=== TASK DIRECTIONS ===
Your output should be the records below, word for word and picture-free.

=== ENTRIES PROVIDED ===
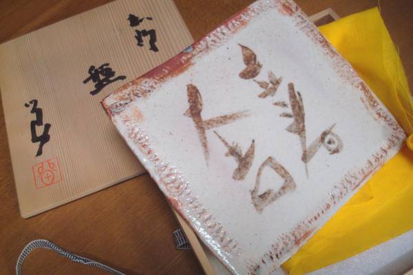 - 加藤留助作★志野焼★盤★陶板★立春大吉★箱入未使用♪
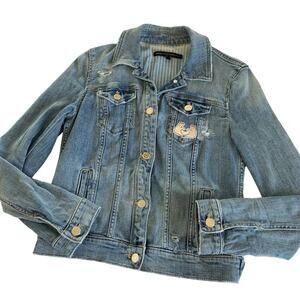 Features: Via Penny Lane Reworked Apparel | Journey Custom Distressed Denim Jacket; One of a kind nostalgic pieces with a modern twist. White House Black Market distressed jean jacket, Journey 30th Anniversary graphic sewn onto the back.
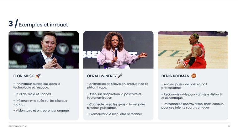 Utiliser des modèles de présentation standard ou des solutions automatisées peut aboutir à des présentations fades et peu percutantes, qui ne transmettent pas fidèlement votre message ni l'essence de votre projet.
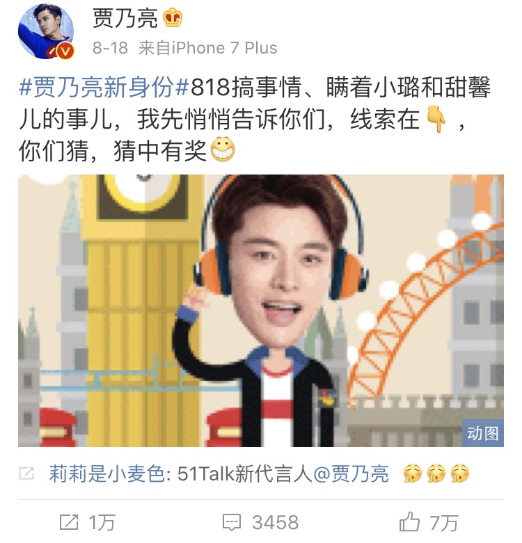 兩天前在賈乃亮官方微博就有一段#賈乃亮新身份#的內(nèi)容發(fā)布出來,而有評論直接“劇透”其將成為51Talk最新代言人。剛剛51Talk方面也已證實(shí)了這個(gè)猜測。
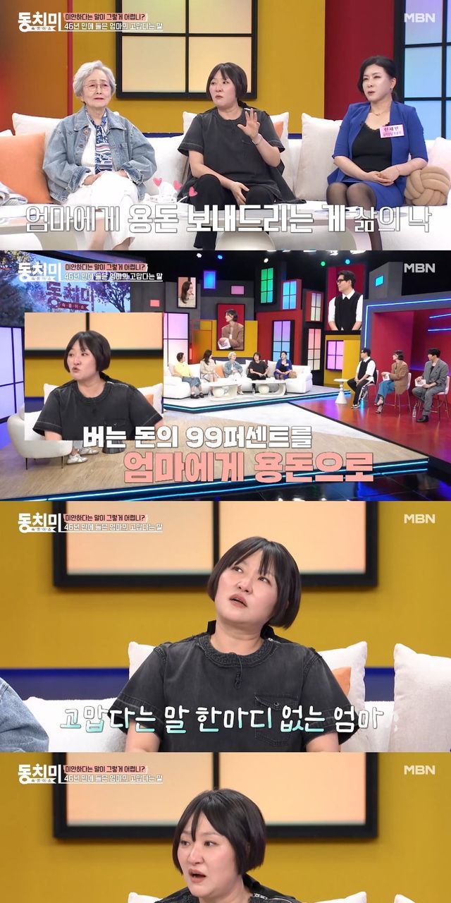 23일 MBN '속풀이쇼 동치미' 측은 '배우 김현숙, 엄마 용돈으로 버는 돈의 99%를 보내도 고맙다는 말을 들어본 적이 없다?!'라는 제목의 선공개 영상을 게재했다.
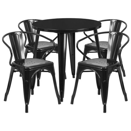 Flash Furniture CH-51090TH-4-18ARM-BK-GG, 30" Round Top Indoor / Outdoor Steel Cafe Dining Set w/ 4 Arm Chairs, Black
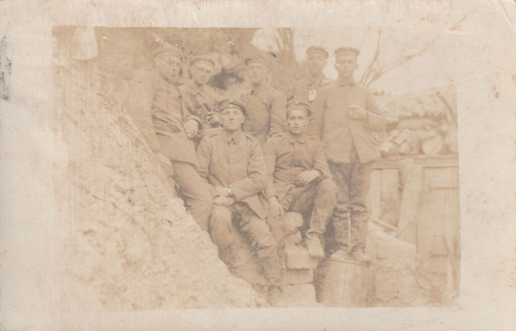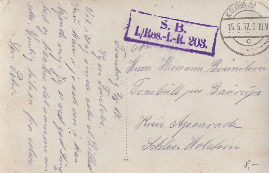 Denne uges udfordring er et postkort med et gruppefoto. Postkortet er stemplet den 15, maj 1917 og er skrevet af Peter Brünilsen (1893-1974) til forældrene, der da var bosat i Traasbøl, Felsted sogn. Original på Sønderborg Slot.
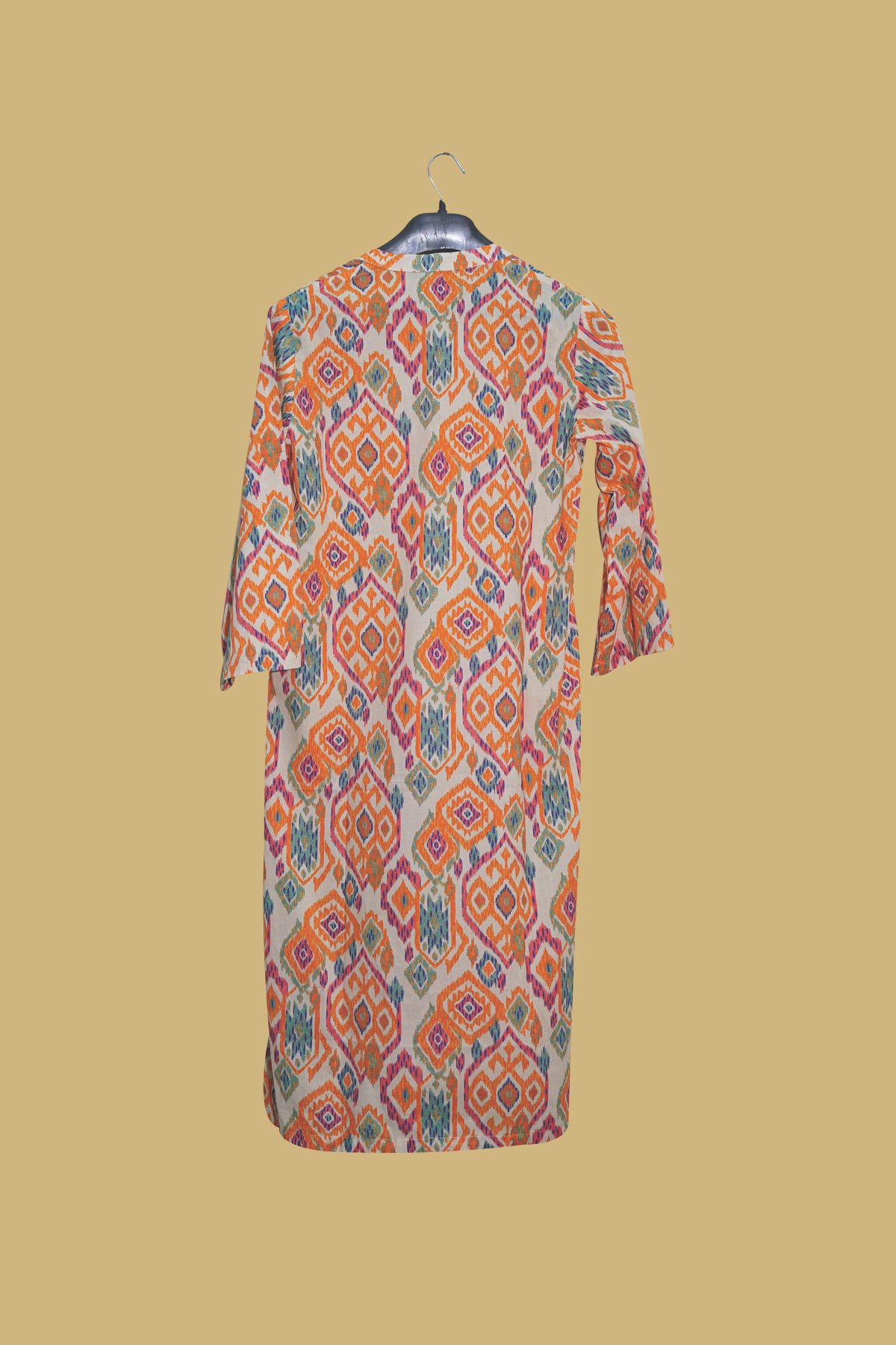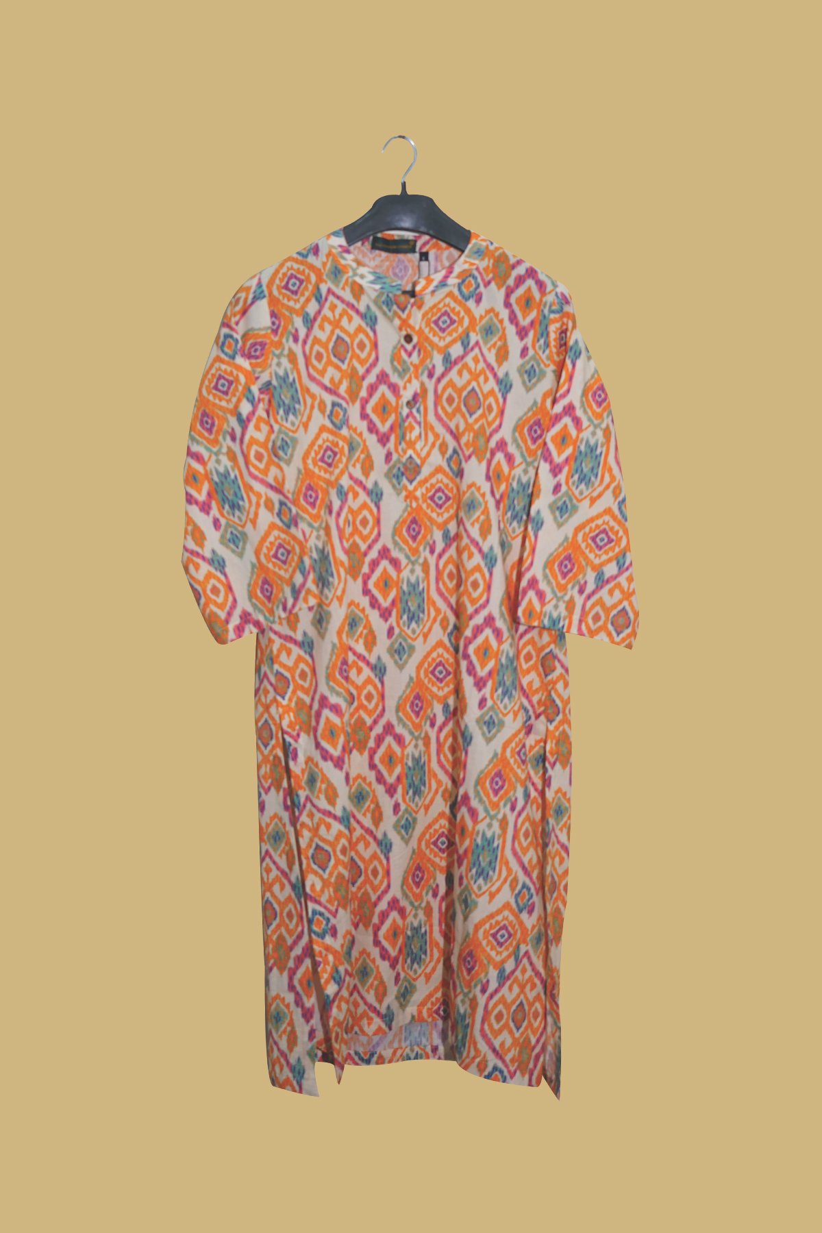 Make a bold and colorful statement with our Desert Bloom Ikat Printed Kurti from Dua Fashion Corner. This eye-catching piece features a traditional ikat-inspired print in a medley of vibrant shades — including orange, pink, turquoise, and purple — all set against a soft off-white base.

=== SOLUTION ===
 - 加藤留助作★志野焼★盤★陶板★立春大吉★箱入未使用♪
 Features: Via Penny Lane Reworked Apparel | Journey Custom Distressed Denim Jacket; One of a kind nostalgic pieces with a modern twist. White House Black Market distressed jean jacket, Journey 30th Anniversary graphic sewn onto the back.
 Utiliser des modèles de présentation standard ou des solutions automatisées peut aboutir à des présentations fades et peu percutantes, qui ne transmettent pas fidèlement votre message ni l'essence de votre projet.
 兩天前在賈乃亮官方微博就有一段#賈乃亮新身份#的內(nèi)容發(fā)布出來,而有評論直接“劇透”其將成為51Talk最新代言人。剛剛51Talk方面也已證實(shí)了這個(gè)猜測。
 23일 MBN '속풀이쇼 동치미' 측은 '배우 김현숙, 엄마 용돈으로 버는 돈의 99%를 보내도 고맙다는 말을 들어본 적이 없다?!'라는 제목의 선공개 영상을 게재했다.
 Flash Furniture CH-51090TH-4-18ARM-BK-GG, 30" Round Top Indoor / Outdoor Steel Cafe Dining Set w/ 4 Arm Chairs, Black
 Denne uges udfordring er et postkort med et gruppefoto. Postkortet er stemplet den 15, maj 1917 og er skrevet af Peter Brünilsen (1893-1974) til forældrene, der da var bosat i Traasbøl, Felsted sogn. Original på Sønderborg Slot.
 Make a bold and colorful statement with our Desert Bloom Ikat Printed Kurti from Dua Fashion Corner. This eye-catching piece features a traditional ikat-inspired print in a medley of vibrant shades — including orange, pink, turquoise, and purple — all set against a soft off-white base.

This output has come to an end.